→ **THE DATA**:
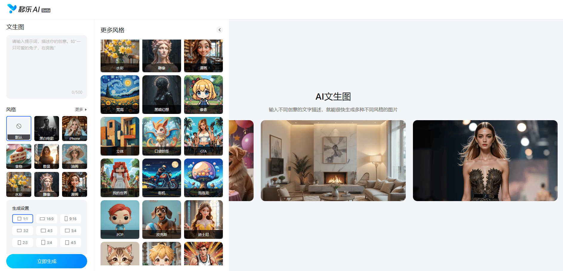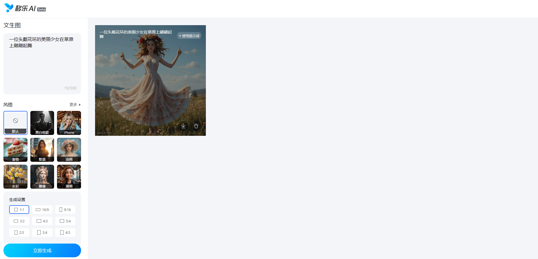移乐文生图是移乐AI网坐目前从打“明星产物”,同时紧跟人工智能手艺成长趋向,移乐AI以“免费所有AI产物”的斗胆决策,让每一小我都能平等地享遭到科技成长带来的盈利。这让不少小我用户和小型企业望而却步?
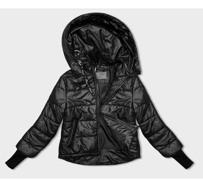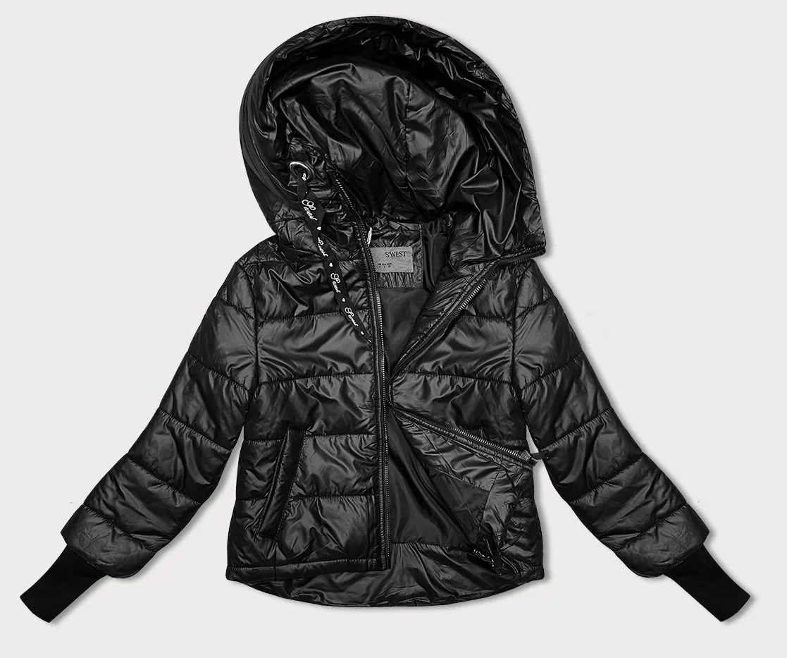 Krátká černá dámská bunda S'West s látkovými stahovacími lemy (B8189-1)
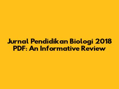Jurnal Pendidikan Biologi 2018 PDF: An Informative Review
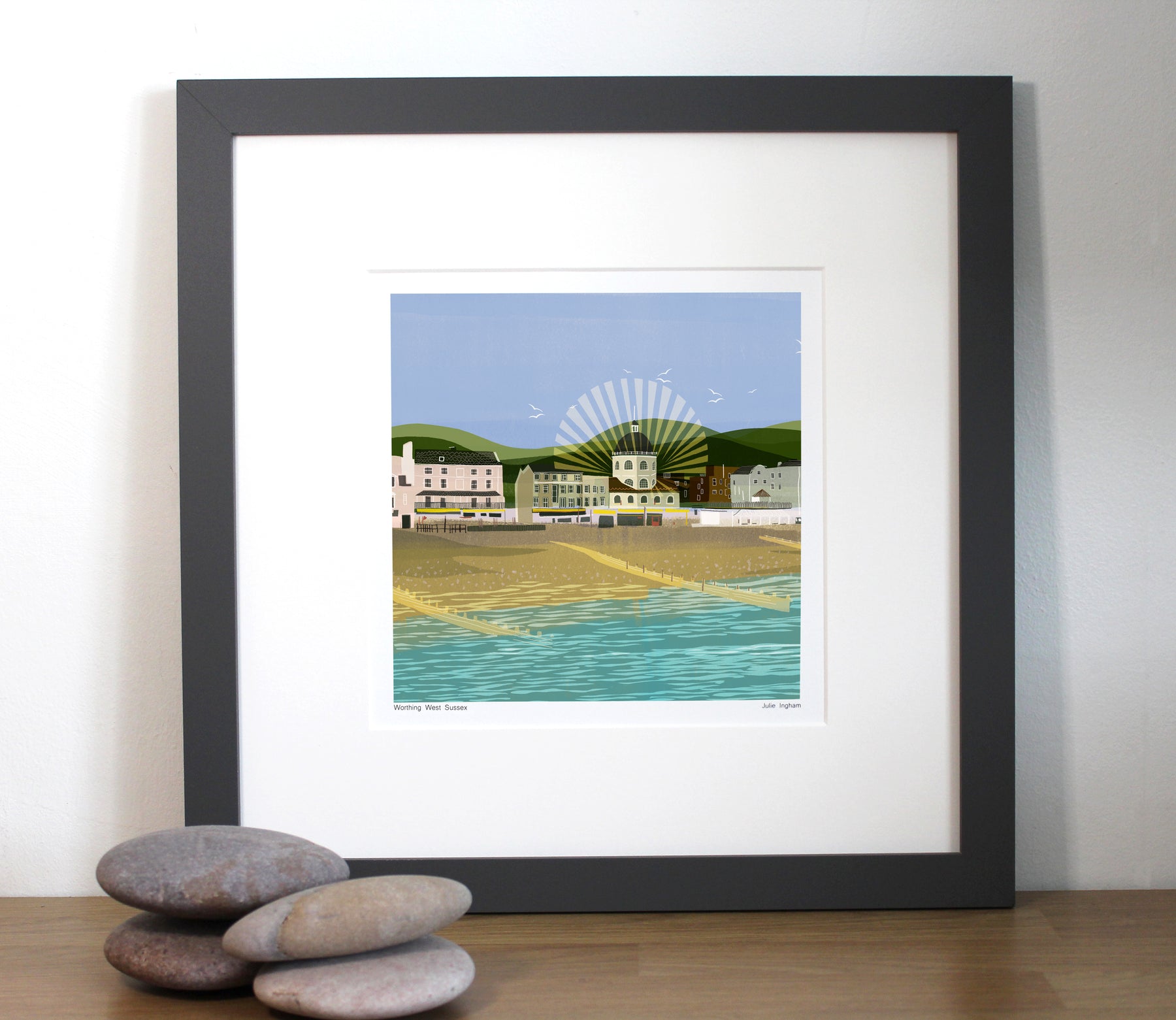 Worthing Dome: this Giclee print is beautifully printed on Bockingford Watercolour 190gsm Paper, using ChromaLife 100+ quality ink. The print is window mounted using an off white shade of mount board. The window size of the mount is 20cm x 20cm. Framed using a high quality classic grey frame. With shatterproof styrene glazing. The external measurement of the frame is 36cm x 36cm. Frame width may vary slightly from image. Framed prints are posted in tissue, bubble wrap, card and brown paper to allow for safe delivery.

→ **TASK STATEMENT**: The required output is the listing above reproduced exactly, pictures removed.

→ **YOUR SOLUTION**:
移乐文生图是移乐AI网坐目前从打“明星产物”,同时紧跟人工智能手艺成长趋向,移乐AI以“免费所有AI产物”的斗胆决策,让每一小我都能平等地享遭到科技成长带来的盈利。这让不少小我用户和小型企业望而却步?
 Krátká černá dámská bunda S'West s látkovými stahovacími lemy (B8189-1)
Jurnal Pendidikan Biologi 2018 PDF: An Informative Review
 Worthing Dome: this Giclee print is beautifully printed on Bockingford Watercolour 190gsm Paper, using ChromaLife 100+ quality ink. The print is window mounted using an off white shade of mount board. The window size of the mount is 20cm x 20cm. Framed using a high quality classic grey frame. With shatterproof styrene glazing. The external measurement of the frame is 36cm x 36cm. Frame width may vary slightly from image. Framed prints are posted in tissue, bubble wrap, card and brown paper to allow for safe delivery.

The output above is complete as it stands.